### Available records
------

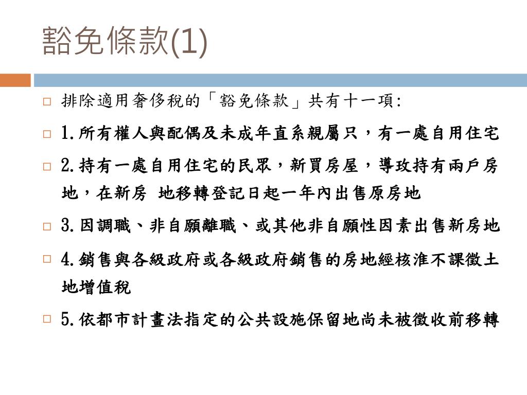 豁免條款(1) • 排除適用奢侈稅的「豁免條款」共有十一項: • 1.所有權人與配偶及未成年直系親屬只,有一處自用住宅 • 2.持有一處自用住宅的民眾,新買房屋,導玫持有兩戶房地,在新房地移轉登記日起一年內出售原房地 • 3.因調職、非自願離職、或其他非自願性因素出售新房地 • 4.銷售與各級政府或各級政府銷售的房地經核淮不課徵土地增值稅 • 5.依都市計畫法指定的公共設施保留地尚未被徵收前移轉
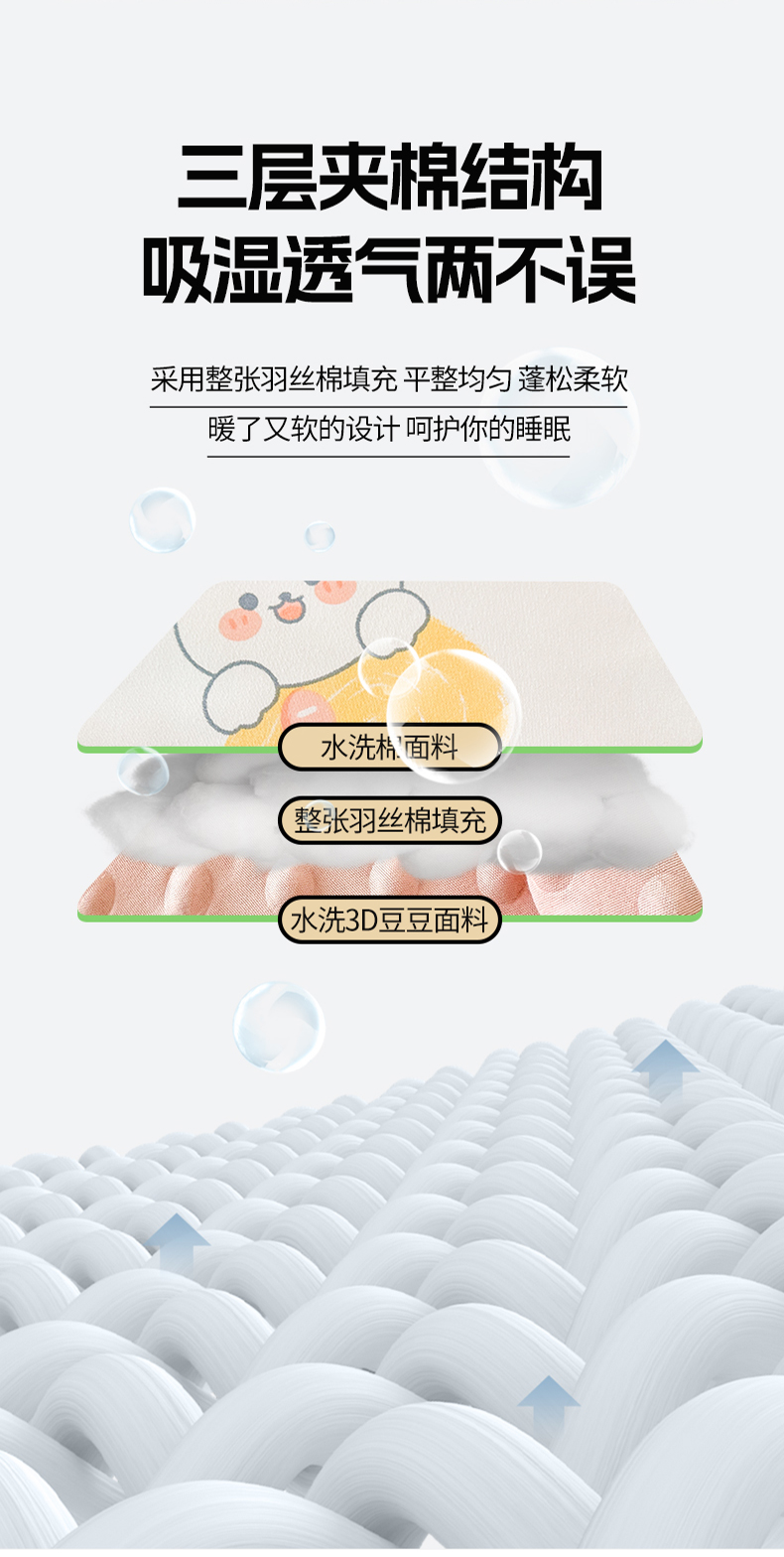 壹张床 2025新款A类水洗棉3D豆豆夏被子被芯(提供买家秀) 开心小兔
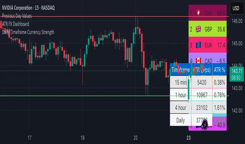 ✔ ATR in Pips — The average price movement over a given timeframe, converted to pips for easy interpretation, automatically adjusting for JPY pairs.
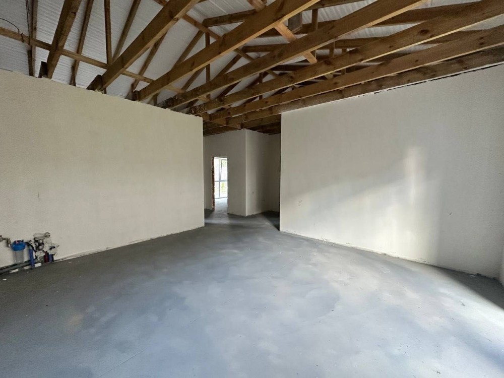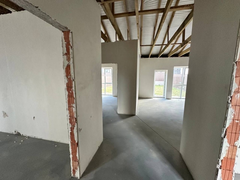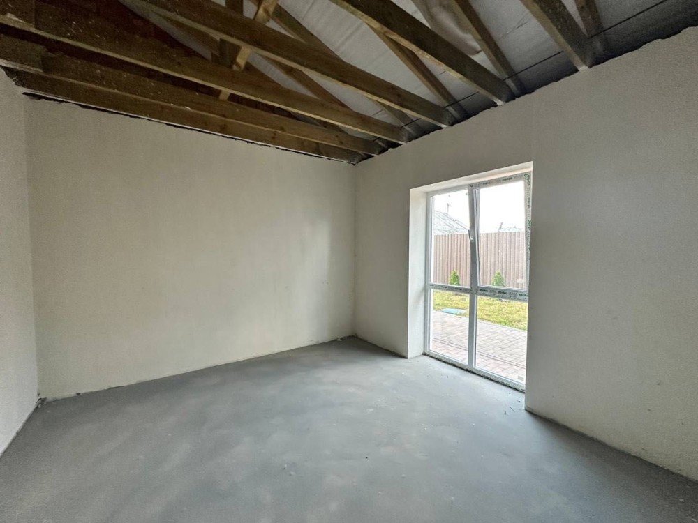 Планування продумане: простора кухня-вітальня та три окремі кімнати. Є передня і задня ділянка — можна облаштувати терасу, барбекю-зону чи місце для відпочинку.
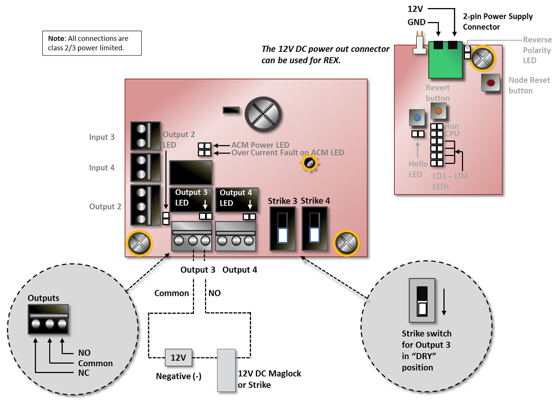 Any output can be used to power a 12V or 24V door strike or magnetic lock (maximum electrical rating: 2.5 Amps with an inductive load). If Output 3 or 4 is selected, the strike switch must be set to the DRY position, as shown for Output 3 in the following diagram, for it to use an external power source.
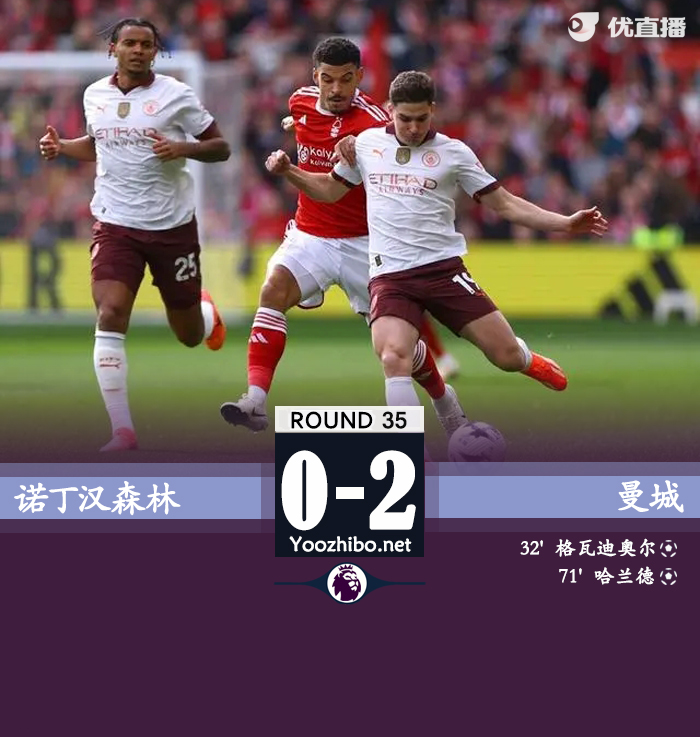 北京时间4月28日23:30,英超第35轮,曼城客战诺丁汉森林。上半场,德布劳内角球助攻,格瓦迪奥尔头球破门,伍德错失良机;下半场,格瓦迪奥尔门前送出关键解围,哈兰德伤愈复出替补登场打入一球。最终,曼城客场2-0击败诺丁汉森林,积79分位列积分榜第二位,少赛一场落后榜首的阿森纳1分,森林则积26分高出降级区1分。

------

### Required work
Print nothing except the lines above from the one containing "Планування продумане: простора" down to the one containing "Any output can", both included, exactly as written and free of pictures.

### Exercise output
 Планування продумане: простора кухня-вітальня та три окремі кімнати. Є передня і задня ділянка — можна облаштувати терасу, барбекю-зону чи місце для відпочинку.
 Any output can be used to power a 12V or 24V door strike or magnetic lock (maximum electrical rating: 2.5 Amps with an inductive load). If Output 3 or 4 is selected, the strike switch must be set to the DRY position, as shown for Output 3 in the following diagram, for it to use an external power source.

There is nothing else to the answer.